Pendant des années, Djukanovic a été un des animateurs principaux de la contrebande européenne de cigarettes, de cheville avec la Sacra Corona Unita, une des mafias italiennes. Sa longévité au pouvoir et son immunité en tant que chef d'Etat lui ont permis d'échapper à un mandat d'arrêt de la justice italienne. Mais il n'est dès lors pas étonnant que le Monténégro demeure un havre de la corruption et du crime organisé et le centre de nombreux trafics, de la drogue à la prostitution. Paradis des mafieux, le pays ne l'est pas pour la liberté de la presse, les journalistes les plus gênants connaissant souvent une fin tragique.
Protestations massives
Mais il semble que le règne de Djukanovic et de son Parti démocratique socialiste touche à leur fin : depuis plusieurs semaines, des manifestations massives et parfois violentes se tiennent dans la capitale du pays, Podgorica. Si nombre de manifestants sont révoltés par la pauvreté et la stagnation de leur économie, l'opposition à l'OTAN a été aussi un des moteurs des mobilisations. Le 12 décembre, plusieurs milliers de personnes ont manifesté contre cette adhésion et en faveur d'un référendum sur la question, certaines d'entre elles déclarant que, dans le cas contraire, l'adhésion à l'OTAN serait considérée comme une « occupation étrangère » et le signal d'une « insurrection armée ».
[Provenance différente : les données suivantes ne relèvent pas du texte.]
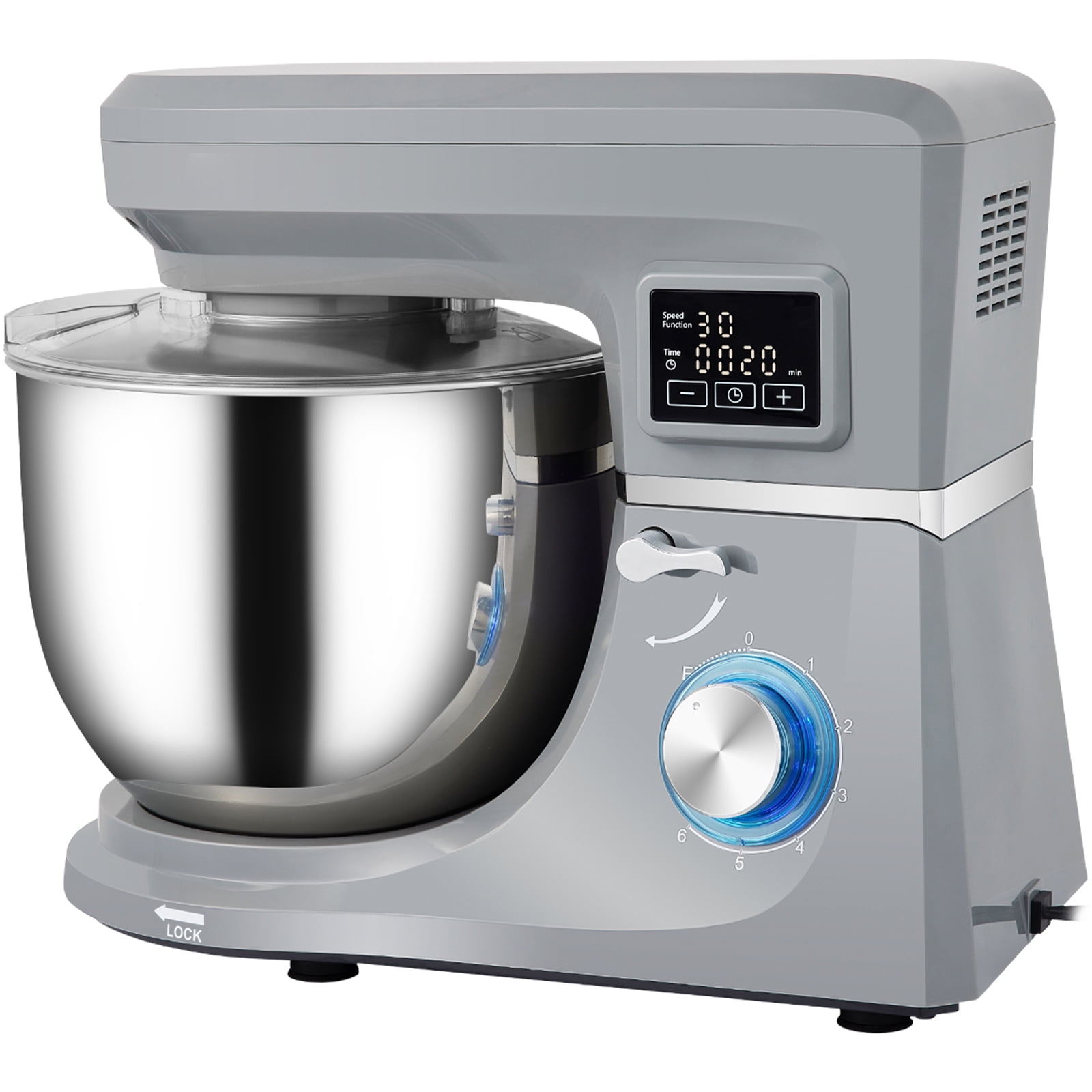 BENTISM Stand Mixer 7.4Qt Electric Dough Mixer w/ 6 Speeds LCD Screen Timing 660W
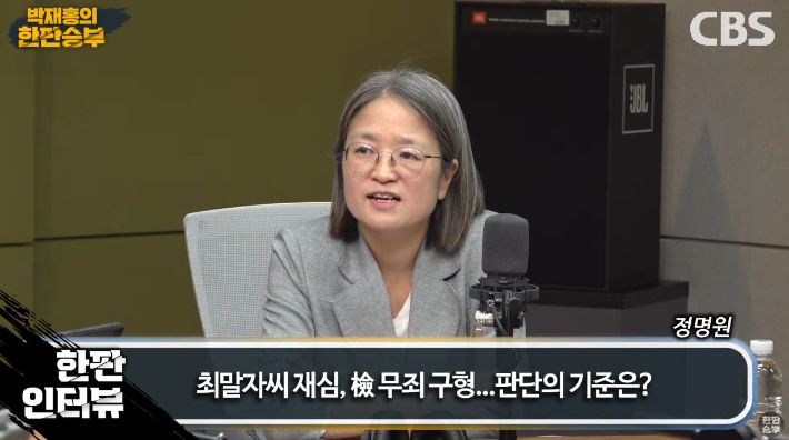 ◇ 박재홍> 박재홍 한판승부 2부 문을 열었습니다. 최근에 최말자 씨 사건 우리 시청자 여러분 기억하실지 모르겠는데 무려 61년 만에 재심을 통해 억울함을 풀게 된 사건인데요. 이 과정에서 이 최말자 씨에게 무죄를 구형하면서 진심 어린 사과를 전했던 검사가 있습니다. 당시엔 부장검사셨는데 이번에 신간인 유무죄의 세계의 사랑법을 출간하셨다고 해서 저희 제작진이 또 급하게 모셨습니다. 오늘 만나보죠. 정명원 대구서부지청 차장검사님이십니다. 어서 오십시오.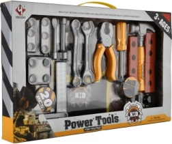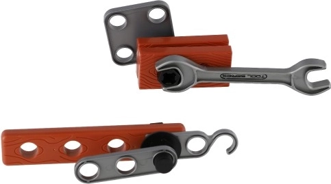 Kladivo, klešče, izvijač, ključi in pritrdilni material – vse potrebno za realistično igro popravil in razvoj tehničnega razmišljanja.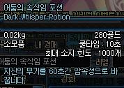 1) 암속성 암속성을 부여하는 방법은 어둠의 속삭임 포션 뿐이다. 다행인 것은 이 포션은 알프라 이라 던전에서 드랍되어 수요가 매우 많고 가격도 상당히 저렴한 편이다.

Pourtant, il est à craindre que ces avertissements ne suffiront pas à imposer un référendum : tous les sondages ont montré qu'une majorité de citoyens dirait « non à l'OTAN », notamment parce qu'ils n'ont pas oublié qu'en 1999 le pays a subi les frappes atlantistes. Même si les bombardements y ont été plus légers qu'en Serbie, ils ont quand même occasionné leur lot de victimes civiles. D'autre part, une grande partie de la population monténégrine se dit « ethniquement » serbe et partage, avec une écrasante majorité de leurs « frères » de Serbie, une même aversion pour l'OTAN.
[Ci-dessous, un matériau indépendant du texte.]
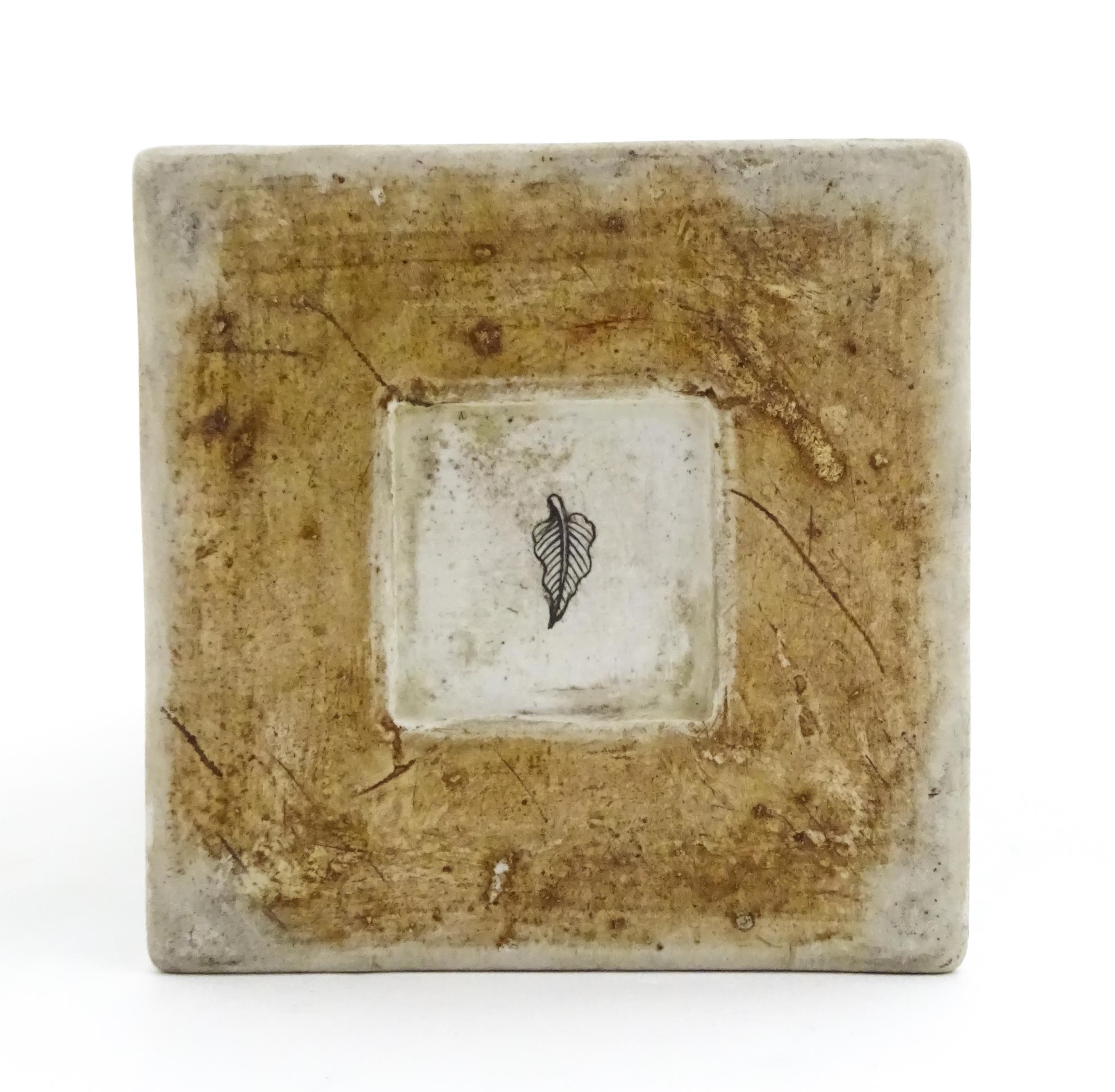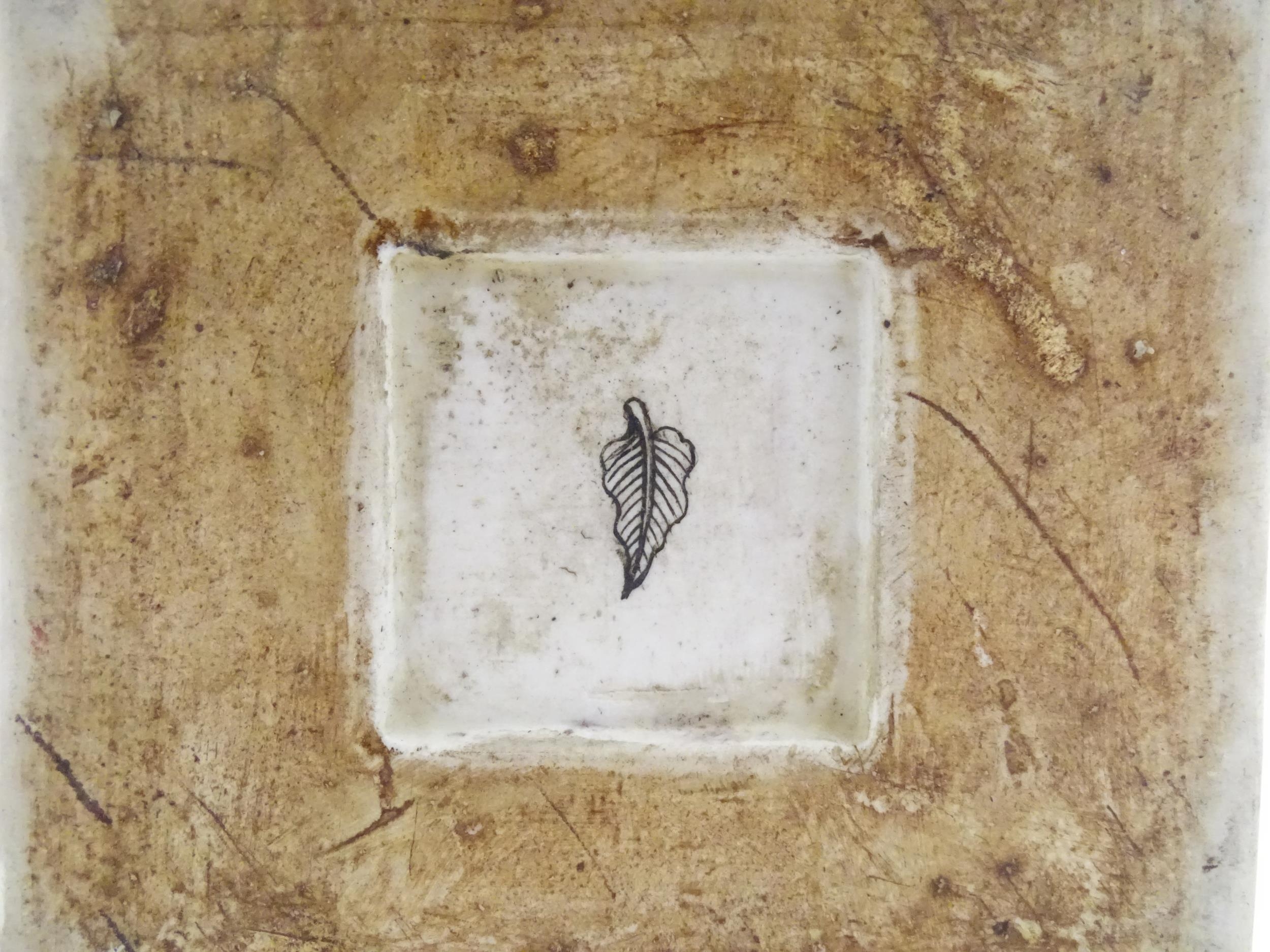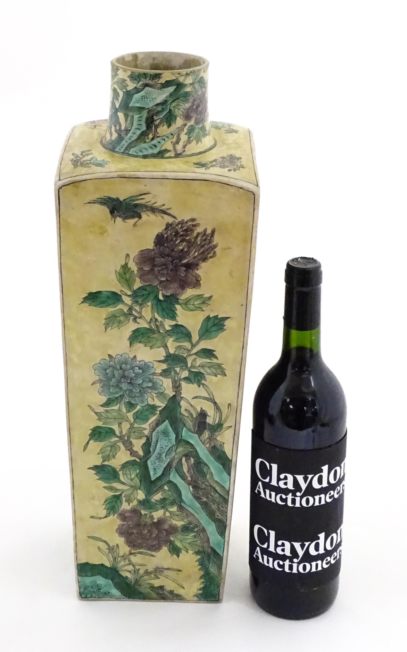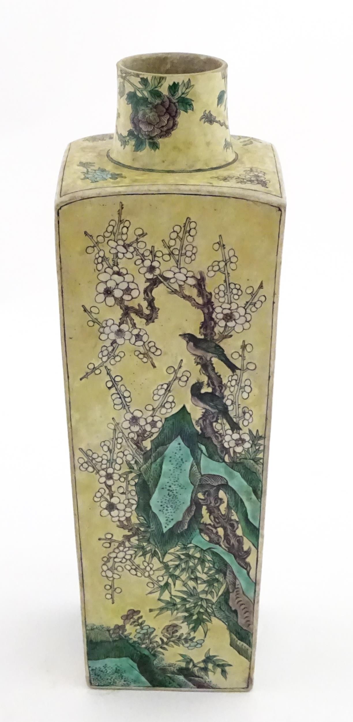 A Chinese vase of squared form with a yellow ground decorated with blossom, peonies, lotus leaves, birds, etc. Leaf motif under. Approx. 17 3/4" high

Par ailleurs, même si les autorités vendent l'appartenance à l'OTAN comme un pas vers l'Union européenne et donc une illusoire amélioration de leur qualité de vie, les Monténégrins n'ont pas grand-chose à attendre de cette adhésion. Jusqu'à présent, ce que cela leur a apporté est surtout une brouille historique avec la Russie, peu contente de voir un allié de longue date (plus de trois siècles de relations étroites !) tomber dans l'escarcelle otanienne. Moscou a annoncé des mesures de rétorsion, qui pourraient prendre la forme d'un désinvestissement massif, alors que des milliers de touristes russes viennent chaque année passer leurs vacances sur la côte monténégrine, dont de vastes portions ont été achetées par des spéculateurs et autres mafieux, également russes.
Reste à voir si, en cas de victoire de l'opposition aux prochaines législatives, prévues en octobre 2016, le nouveau gouvernement aura le courage de stopper le processus d'adhésion et rejoindre la ligne de neutralité militaire, encore actuellement prônée par la Serbie, dans la tradition de l'ancienne fédération yougoslave.